L’âge de la solitude

Sans détours, nous nous retrouvons directement dans la violence, avec la figure d’un père qui enfile très souvent sa « robe-colère » (page 11) pour assaillir et remuer celles avec qui il vit : Fleur d’Orange, sa femme, et Tête Fêlée, sa belle-fille. C’est le début d’un récit brutal, dénonciateur d’un climat anxiogène pour la collégienne de 12 ans. C’est avec des mots explicites, jamais simples à lire à cause de la violence dont ils émanent, que Tête Fêlée décrit le portrait du père, un personnage omniprésent du récit et de sa vie finalement.

 Cercueil de la tendresse, Papa ne se sent traversé par la vie que quand il cogne. Cogner… Importe peu le refuge des coups. Poétique du poing. Je frappe donc je suis. Papa ne s’adonne pas au jeu de la souplesse. Il déteste toute chose qui ne fait pas, selon lui, assez de mal aux muscles » affirme-t-elle à la page 13.

C’est un père dont on ne prononce jamais le nom, comme s’il était un fantôme, alors qu’il détient à lui seul plus d’un quart du récit. Par le biais de ce récit, le père prend l’étrange et difficile figure du fantôme et de l’omniprésent. Un homme dont on ne connait pas vraiment le passé et un homme responsable des maux de son foyer. La violence émerge donc dans le récit par la description de ce père tyrannique et dénué de lumière humaine, même si, dans le récit, lui viennent parfois des moments d’introspection, un joint au bout des lèvres, se demandant s’il existe en lui une part de « lumière humaine » (page 15).

Le portrait que Tête Fêlée fait de sa mère est aussi jonché sur un double caractère : d’un côté, une mère silencieuse et réservée, incapable de se défendre face au père, et d’un autre côté, une prostituée dotée d’un sex-appeal qui ne laisse personne indifférent et donc manifestement au cœur de la convoitise.

« Depuis le jour où elle s’était jetée sur les trottoirs de la Grand-Rue comme un lampadaire qui n’éclaire plus, Fleur d’Orange s’était dit qu’il lui fallait un revenu fixe pour ce travail de va-et-vient. Un salaire de chair, digne de l’énergie dépensée par son corps » (Page 30).

Solitude et violence priment dans les premières parties de Soleil à coudre. On assiste à une enfance ballotée entre plusieurs émotions pour une jeune collégienne privée de son enfance et plongée dans un Haïti trouble sans réel modèle parental.

La Cité de Dieu, le quartier trouble

Dans son roman, Jean D’Amérique décrit une réalité authentique d’Haïti. Il ne dresse pas un imaginaire social. L’auteur pioche dans une réalité sociale inévitable, pour construire dans son roman un imaginaire doux et poétique. C’est le moment de l’entrechoquement entre le violent et le doux, et ce, argumenté par la forme linguistique poétique de Jean D’Amérique et par la profonde innocence qui se déploie de Tête Fêlée.

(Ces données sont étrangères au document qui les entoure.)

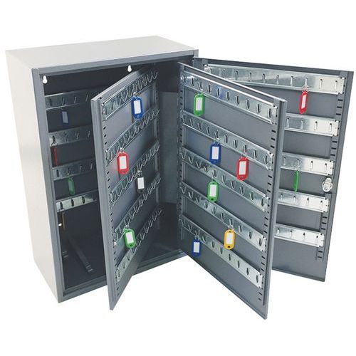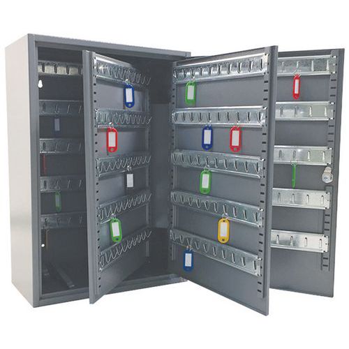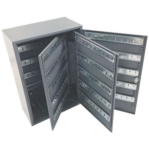Zamykane skrzynki stalowe o kanciastym kształcie służą do przechowywania 300 kluczy. Skrzynki zawierają dwie przegrody. W zestawie z kolorowymi przywieszkami na klucze.

Tête Fêlée… Jean D’Amérique lui donne, dans ce roman une figure d’enfant innocente mais en même temps assez mature pour décrire les déboires d’une vie macabre. Face à cette double forme de caractère, il n’est pas étrange de se questionner sur l’âge réel de la protagoniste. Au fil de son récit, son âge crée indubitablement le doute.

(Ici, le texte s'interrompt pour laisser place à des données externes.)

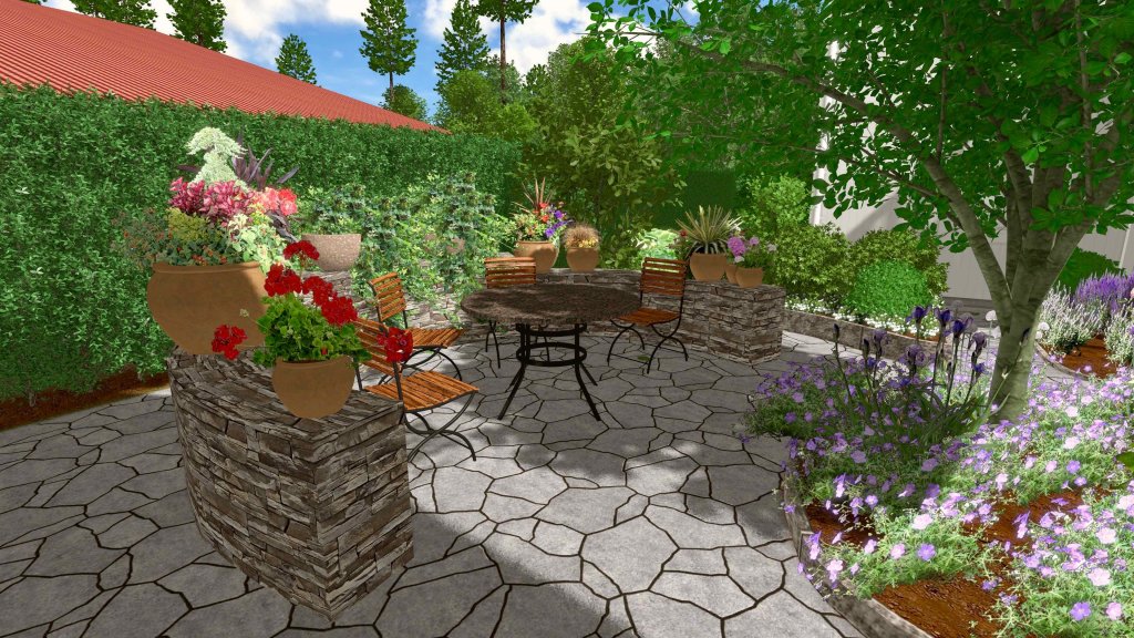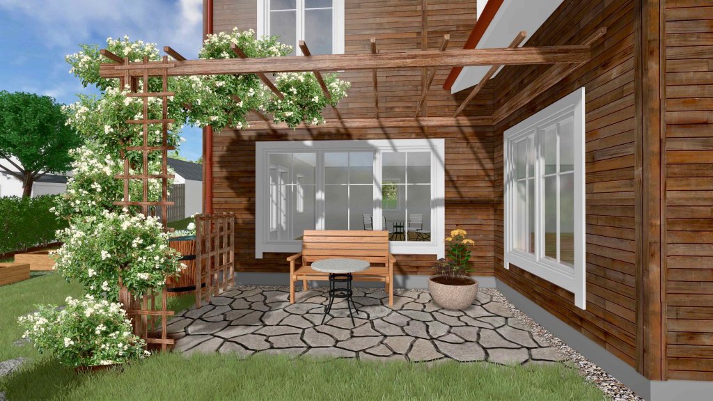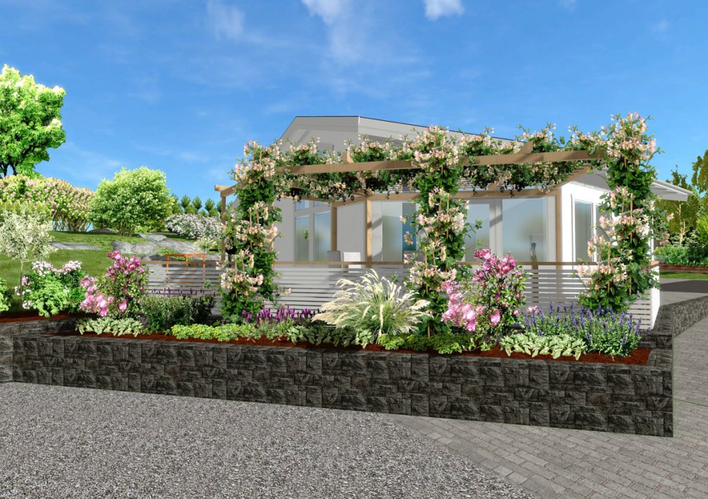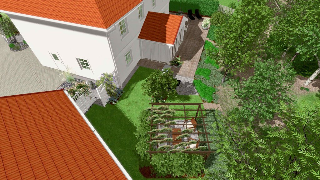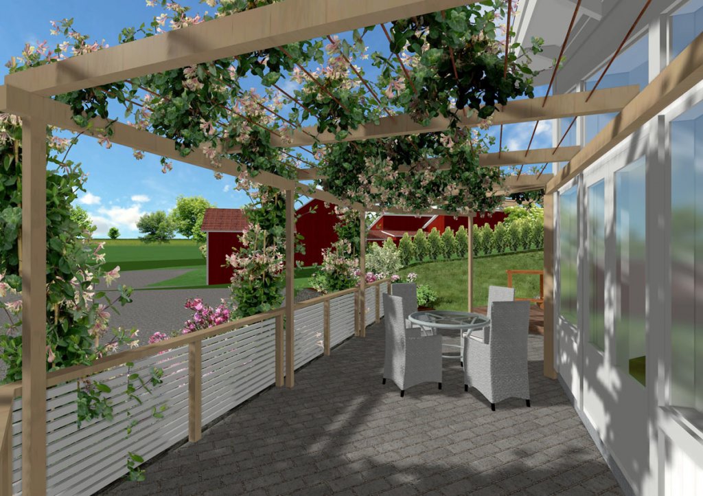 En fristående villa behövde utveckling av oskyddad altan i söder. En ny pergola ger insynsskydd och solskydd och upphöjda bäddar med planteringar mot gatan ger också skydd och avskildhet.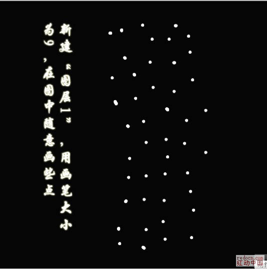 2、新建一个图层,得到“图1”,选择画笔工具,笔刷大小设置为9像素,不透明度设置为:100%,在图中随意画些白点,效果如下图。

 J’habite la Cité de Dieu et ce n’est ni un film, ni un roman fantastique. Ici, on voit les averses du dénuement sur les joues., les lignes brisées des regards, le gouffre dressé dans les yeux, les gueules qui se racontent au vide, le si lointain exil du pain, les gosses sans soleil qui rampent dans l’ombre de la violence et qui deviendront des voyous pour se buter les uns les autres, le pays qui écrase les rêves, la jeunesse qui périt, les femmes agressées qui défilent, silencieuses, sur leurs blessures, couvant à jamais leurs mots sous le voile d’une honte générée par une société prétendument moderne » affirme-t-elle à la page 54.

Avec ces lignes parmi tant d’autres qui font le portrait de ce quartier, il est indéniable d’affirmer que La Cité de Dieu est, dans ce récit d’une centaine de pages, la plaie béante qui n’échappe à l’esprit de Tête Fêlée, la poussant sans l’ombre d’un doute à la rêvasserie, celle de partir rejoindre Silence à New York. L’enfance tendre comme on la connait n’a point sa place ; car Tête Fêlée doit apprendre à légitimer le mal même quand il ne le faut pas : celui qu’elle subit et celui auquel elle se confronte dans cette brutale réalité de la Cité de Dieu. L’auteur fait passer la violence des univers qu’il porte en lui par le filtre candide des yeux de l’enfance, cependant on se demande néanmoins avec cette description si Tête Fêlée porte encore le postulat d’« enfant ».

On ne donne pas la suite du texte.